• Task input:
__________

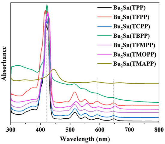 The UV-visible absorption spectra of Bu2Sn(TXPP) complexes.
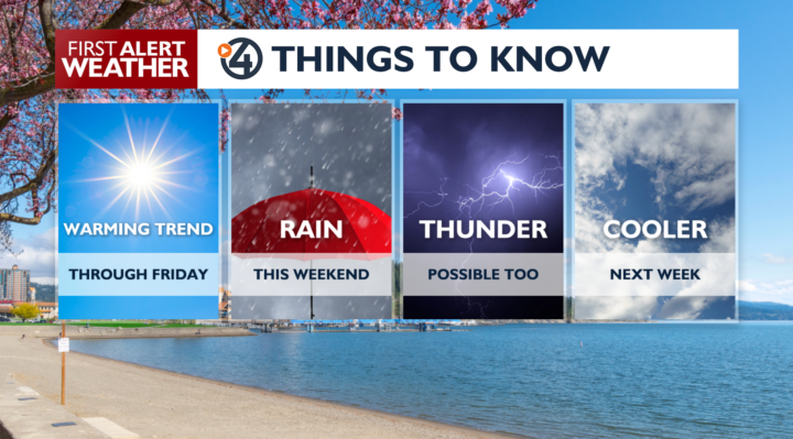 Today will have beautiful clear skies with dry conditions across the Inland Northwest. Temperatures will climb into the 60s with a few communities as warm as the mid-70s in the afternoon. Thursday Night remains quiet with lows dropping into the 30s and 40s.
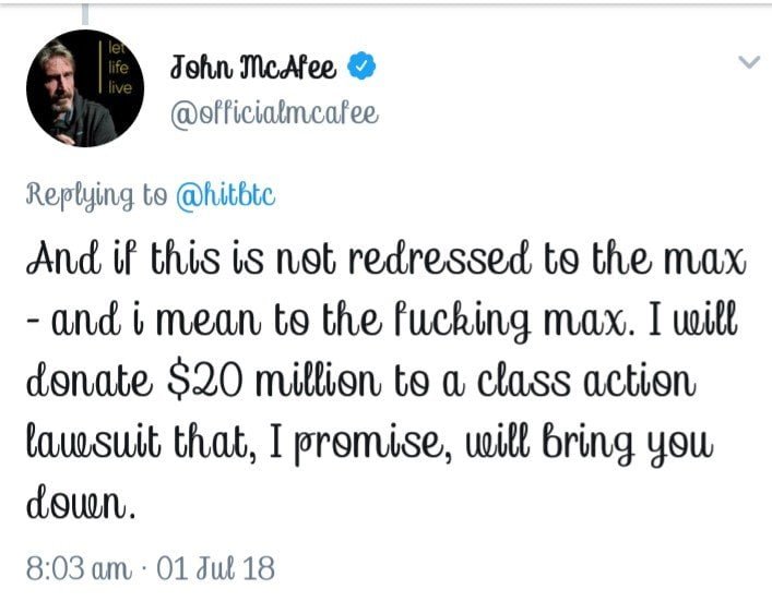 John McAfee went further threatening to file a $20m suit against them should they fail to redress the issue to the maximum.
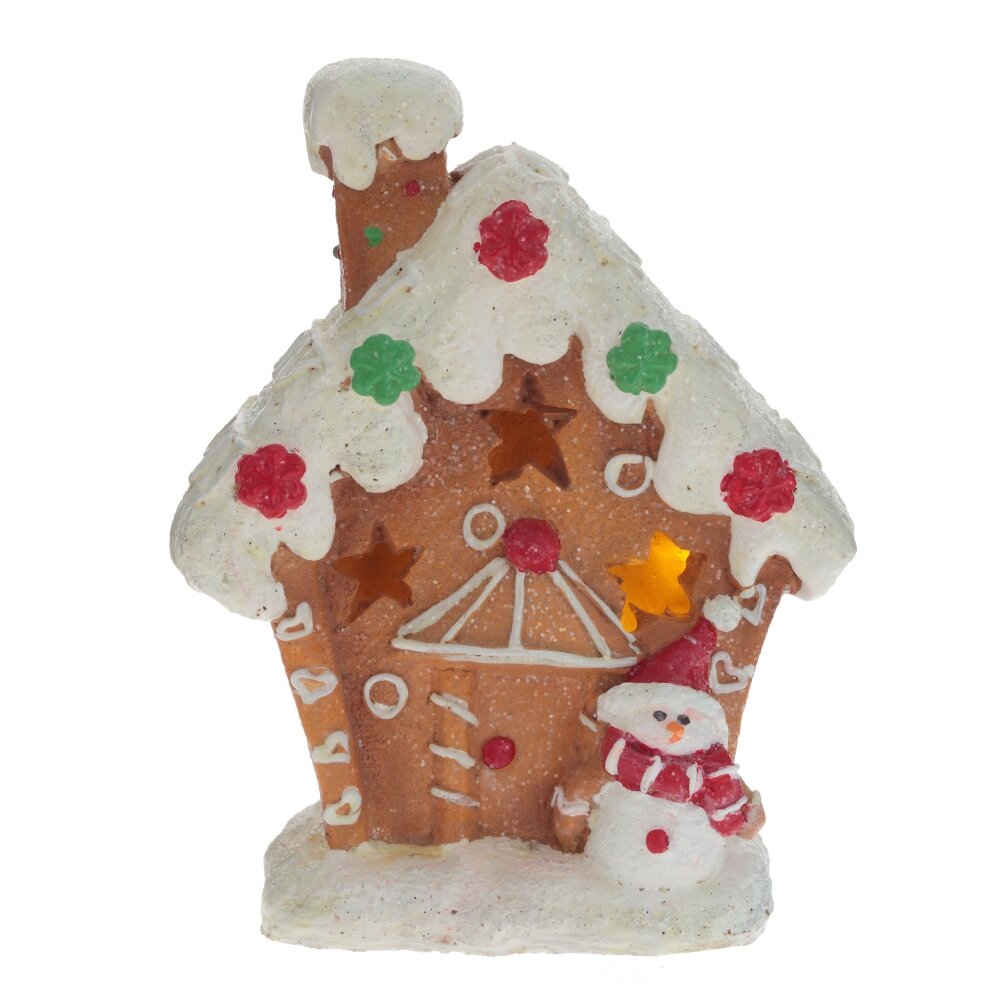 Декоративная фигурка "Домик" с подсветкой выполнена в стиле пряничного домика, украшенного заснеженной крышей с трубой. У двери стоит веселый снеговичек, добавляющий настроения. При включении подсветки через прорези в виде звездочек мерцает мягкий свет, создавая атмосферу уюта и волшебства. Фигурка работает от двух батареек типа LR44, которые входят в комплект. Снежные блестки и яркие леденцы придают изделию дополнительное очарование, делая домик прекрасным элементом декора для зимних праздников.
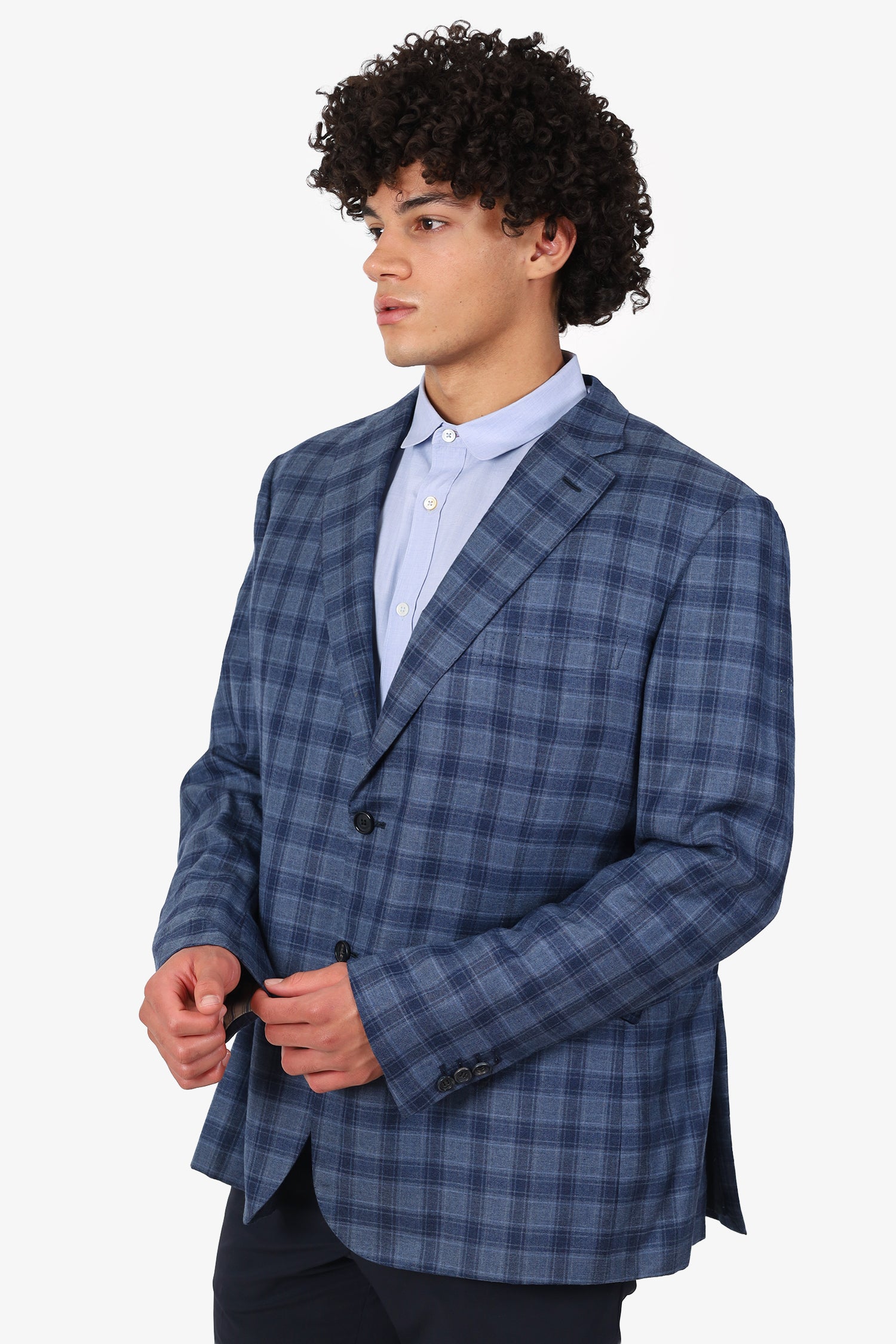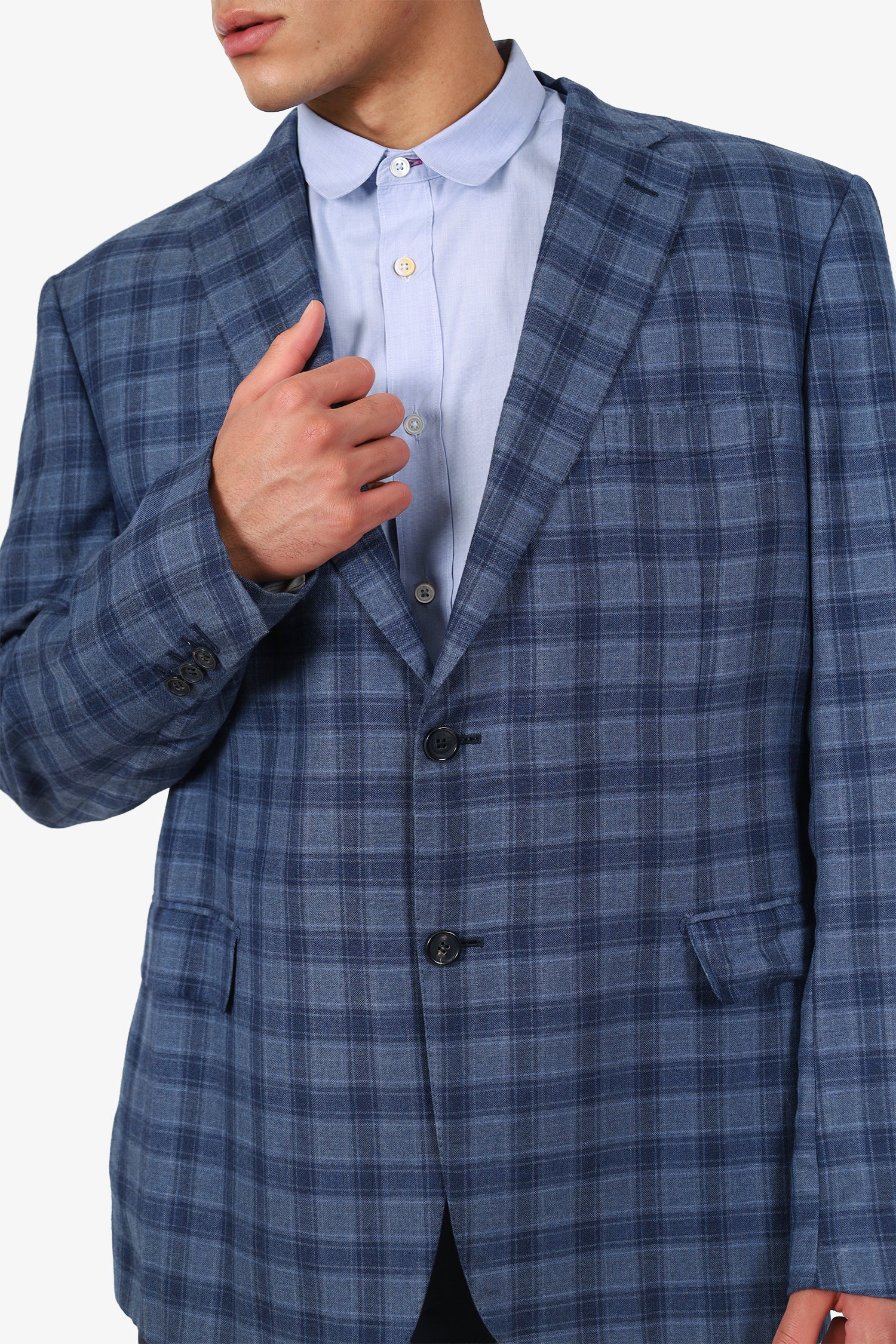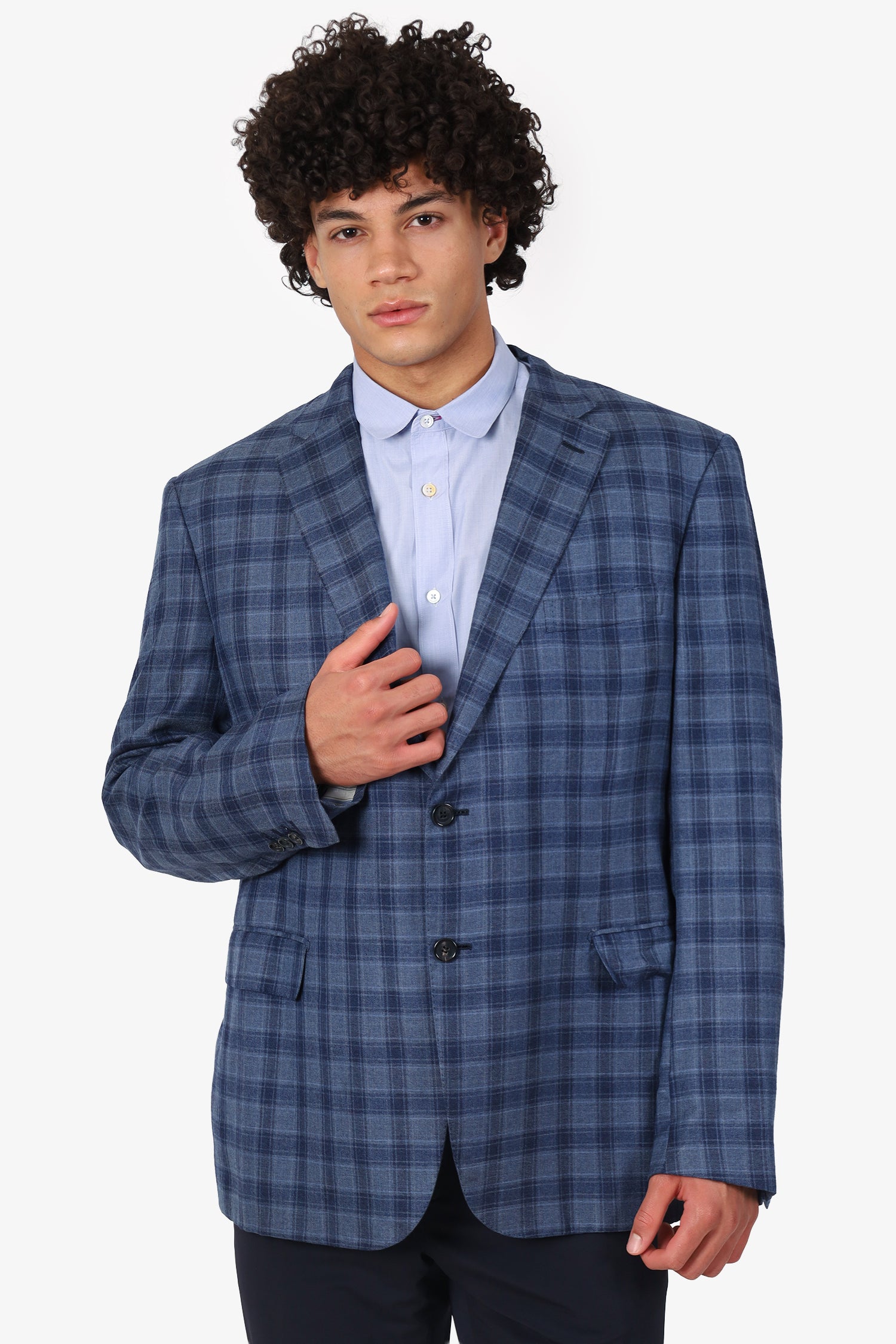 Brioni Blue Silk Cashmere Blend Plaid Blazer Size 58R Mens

__________

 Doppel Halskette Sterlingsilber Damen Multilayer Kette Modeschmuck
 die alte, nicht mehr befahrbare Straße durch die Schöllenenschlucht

__________

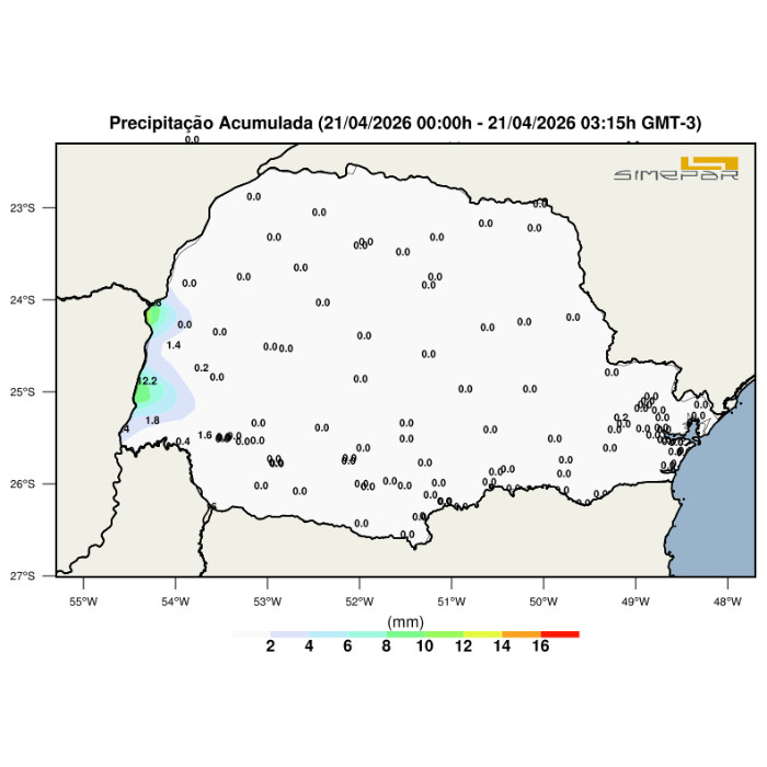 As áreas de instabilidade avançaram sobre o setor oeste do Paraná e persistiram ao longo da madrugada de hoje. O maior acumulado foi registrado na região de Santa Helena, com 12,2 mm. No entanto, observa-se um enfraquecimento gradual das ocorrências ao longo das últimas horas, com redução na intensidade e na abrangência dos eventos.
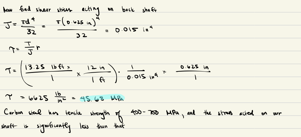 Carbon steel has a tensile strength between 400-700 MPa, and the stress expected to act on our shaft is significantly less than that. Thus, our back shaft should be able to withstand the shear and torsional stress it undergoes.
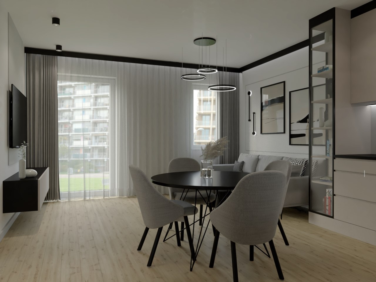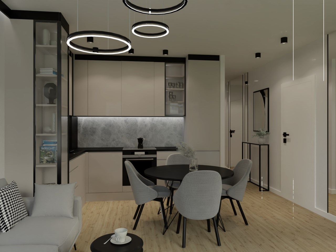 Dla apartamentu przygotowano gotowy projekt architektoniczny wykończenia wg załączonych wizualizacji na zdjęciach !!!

__________

• What to do: In the listing above, find the line with "Carbon steel has" and the line with "Dla apartamentu przygotowano". Output both, plus every line between them, and no pictures.

• Finished exercise:
 Carbon steel has a tensile strength between 400-700 MPa, and the stress expected to act on our shaft is significantly less than that. Thus, our back shaft should be able to withstand the shear and torsional stress it undergoes.
 Dla apartamentu przygotowano gotowy projekt architektoniczny wykończenia wg załączonych wizualizacji na zdjęciach !!!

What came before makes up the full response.